Az-Zawiya (الزاويه) is a Palestinian town in the Salfit Governorate of the State of Palestine, in the northern West Bank, located west of Salfit and south of Qalqilya. According to the Palestinian Central Bureau of Statistics, az-Zawiya had a population of 6,033 in 2017. The town's population is made up of primarily three families: Shuqeir (45%), Muqadi (30%) and Raddad (20%), while the remaining 5% consists of Palestinian refugee families such as Shamlawi, Rabi and Yusif.

==Location==
Az Zawiya is 13.5 km (horizontally) west of Salfit. It is bordered by Biddya to the east, Rafat to the south, Kafr Qasem to the west, and 'Azzun 'Atma and Mas-ha to the north.

==History==
Sherds from IA II, Roman and Byzantine eras have been found. Although the site was occupied during the early Ottoman era, no pottery fragments from this specific period were discovered.

===Ottoman era===
Zawiya appeared in the 1596 Ottoman tax registers as being in the Nahiya of Jabal Qubal, part of the Sanjak of Nablus.
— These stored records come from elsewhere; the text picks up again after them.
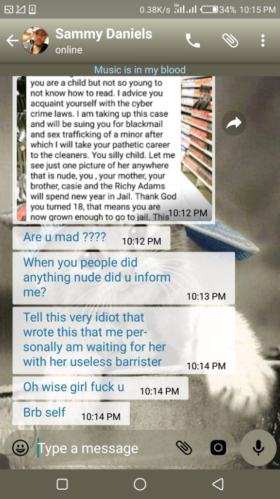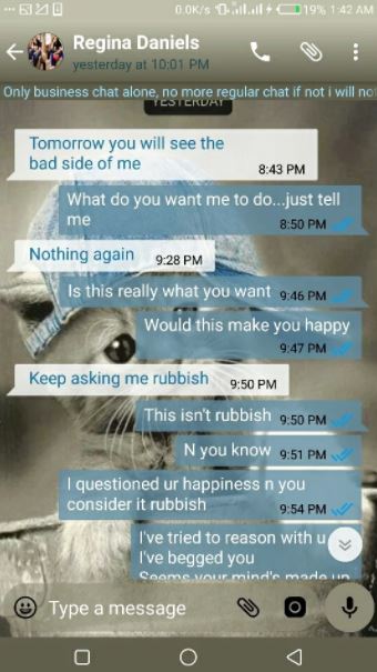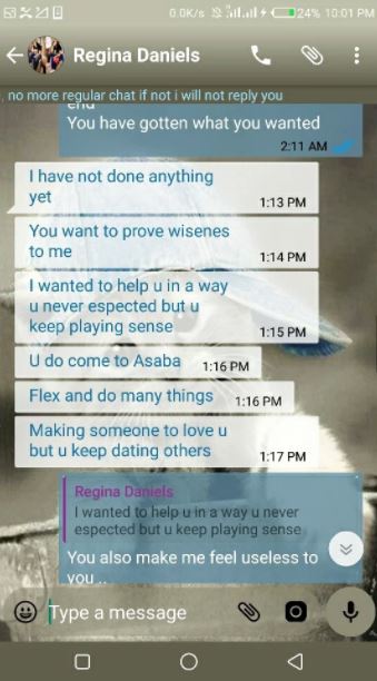 Screenshots of chats with Regina Daniels’ Brother, Sammy;
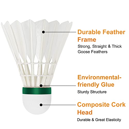 MANJHONG Badminton Shuttlecocks Suitable for recreational play only Durable Goose Feather Shuttles, Composite cork ball head, Made of straight and thick goose feather, 77/78 Speed Available
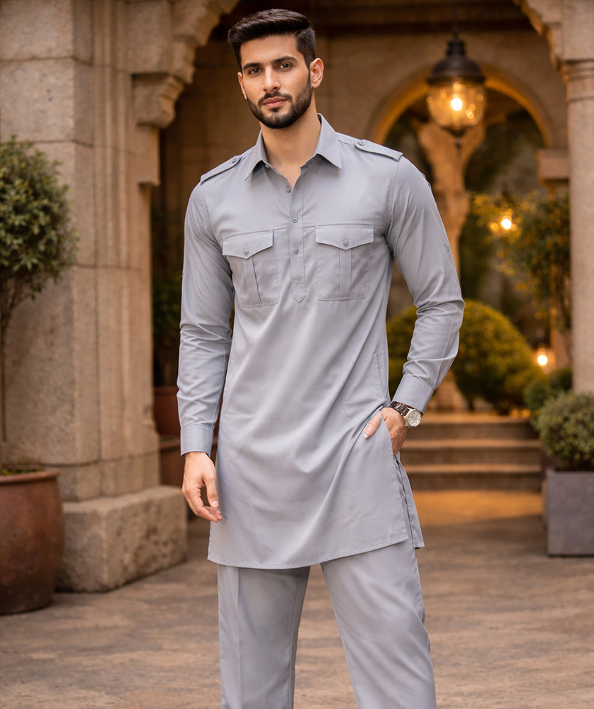 The two-pocket Armani Pathani (also known as a Khan Suit) is a premium take on the traditional Afghan-inspired ensemble, specifically characterized by its use of “Armani fabric”—a high-quality, often stretchable or “lachka” material that offers a more refined, contemporary drape compared to standard cotton.

It had a population of 4 households, all Muslim. The villagers paid a fixed tax-rate of 33.3% on agricultural products, including wheat, barley, fruit trees, goats and beehives, in addition to occasional revenues; a total of 800 akçe,

In the 18th and 19th centuries, al-Zawiya formed part of the highland region known as Jūrat ‘Amra or Bilād Jammā‘īn. Situated between Dayr Ghassāna in the south and the present Route 5 in the north, and between Majdal Yābā in the west and Jammā‘īn, Mardā and Kifl Ḥāris in the east, this area served, according to historian Roy Marom, "as a buffer zone between the political-economic-social units of the Jerusalem and the Nablus regions. On the political level, it suffered from instability due to the migration of the Bedouin tribes and the constant competition among local clans for the right to collect taxes on behalf of the Ottoman authorities."
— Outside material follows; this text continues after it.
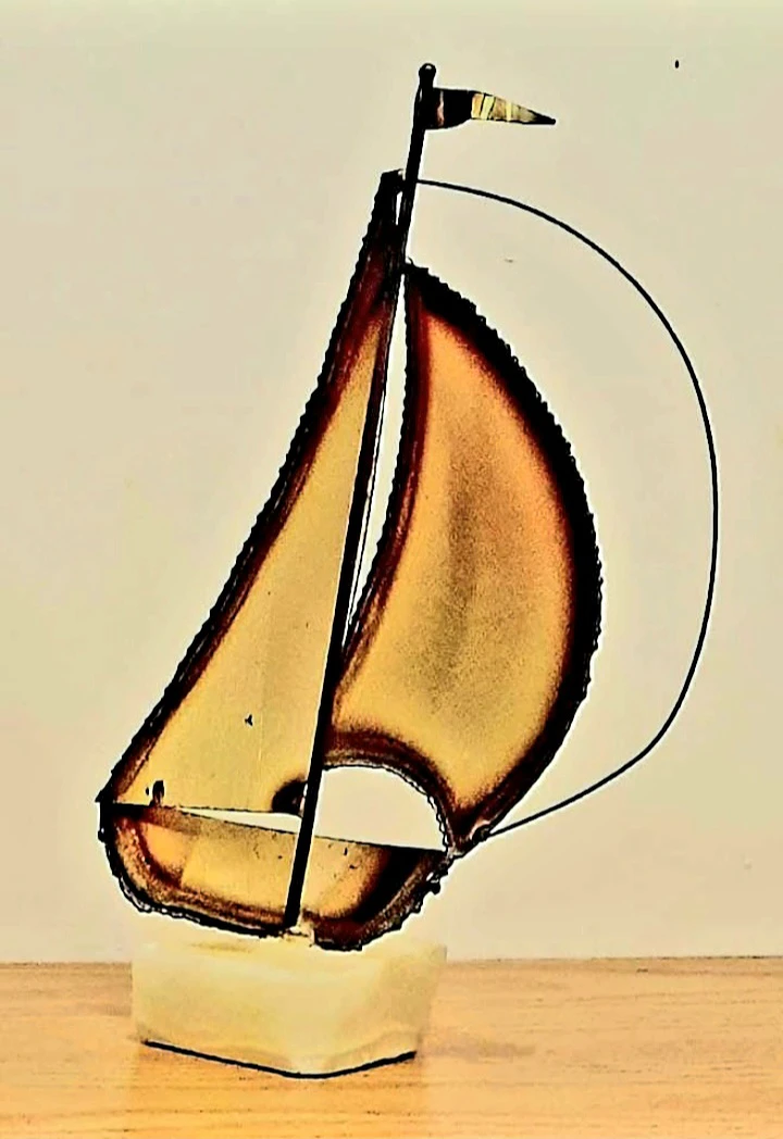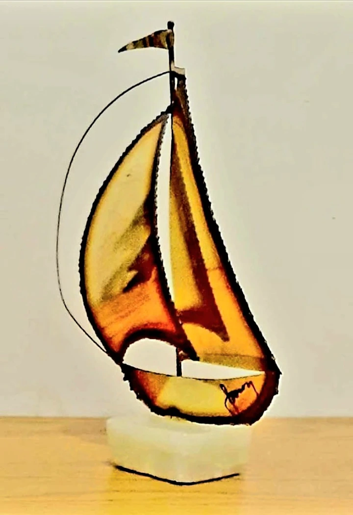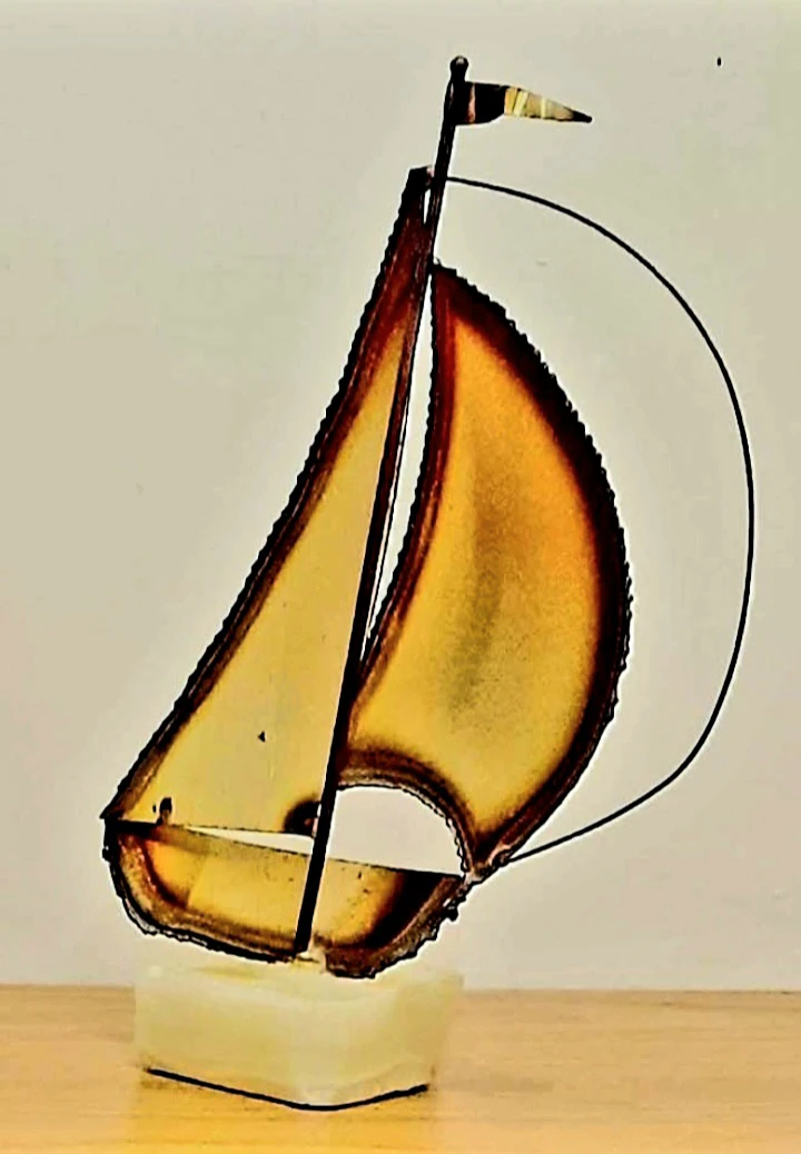 This unique, signed artist handmade brass sailboat is a charming piece of maritime-inspired art, featuring intricate brass detailing and a solid Onyx Hand Chiseled base. It's a used item and has a lovely patina. This sailboat will look lovely displayed in your home or office.

In 1838, Edward Robinson noted it as a village, es-Zawieh, in the Jurat Merda district, south of Nablus.

Victor Guérin visited the village in 1870, and described it as having about 200 inhabitants and a small mosque.
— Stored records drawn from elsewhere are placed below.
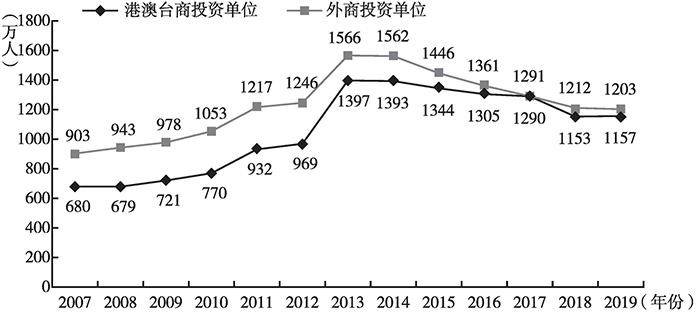 图14 2007~2019年港澳台商投资单位和外商投资单位就业人数变化
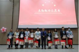 嘉宾为志愿者代表颁发证书,赠送锦旗。
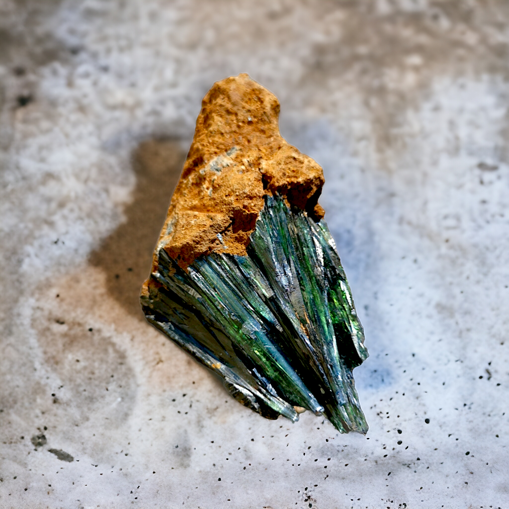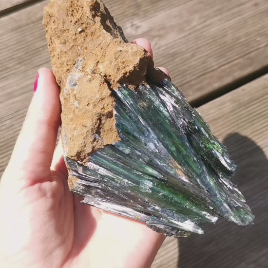 Stor härlig bit i Vivianit, något för den som samlar. Otroligt vacker med fina lager och spetsar. Skiftar i både grönt & blått.
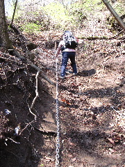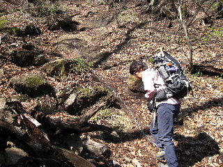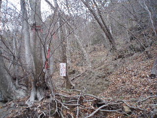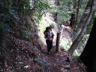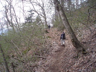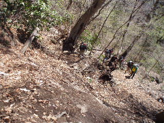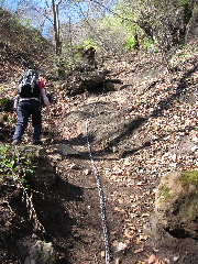| ところが上に行くほどに傾斜がきつくなり、湿った土と岩で滑りやすくなりました。 |
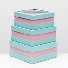 Набор коробок 3 в 1 с окном, голубой, 25 х 25 х 12 - 20 х 20 х 10 см
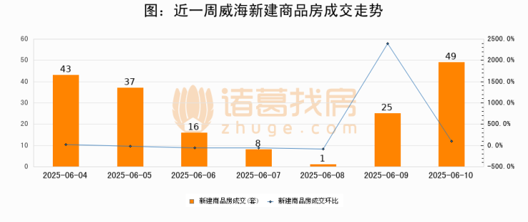 根据威海市住房和城乡建设局数据显示,2025年06月10日威海新建商品房成交49套,较昨日增加24套,环比上涨96%
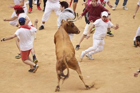 The bulls from the Puerto de San Lorenzo ranch, which debuted at the festival, yesterday completed the 850m cobbled-street course in 2 minutes, 22 seconds. That is well under the average of three minutes for the run.

In 1870/1871 (1288 AH), an Ottoman census listed the village in the nahiya (sub-district) of Jamma'in al-Thani, subordinate to Nablus.

In 1882, the PEF's Survey of Western Palestine (SWP) described the village as being of moderate size, "probably an ancient place, having rock-cut tombs to the south."

===British Mandate era===
In the 1922 census of Palestine, conducted by the British Mandate authorities, Zawiya (called: Zawiyeh) had a population of 398, 396 Muslims and 2 Christians, both Orthodox, while in the 1931 census it had 122 occupied houses and a population of 513, all Muslim.

In the 1945 statistics the population was 720, all Muslims, while the total land area was 11,516 dunams, according to an official land and population survey. Of this, 964 were allocated for plantations and irrigable land, 2,055 for cereals, while 41 dunams were classified as built-up (urban) areas.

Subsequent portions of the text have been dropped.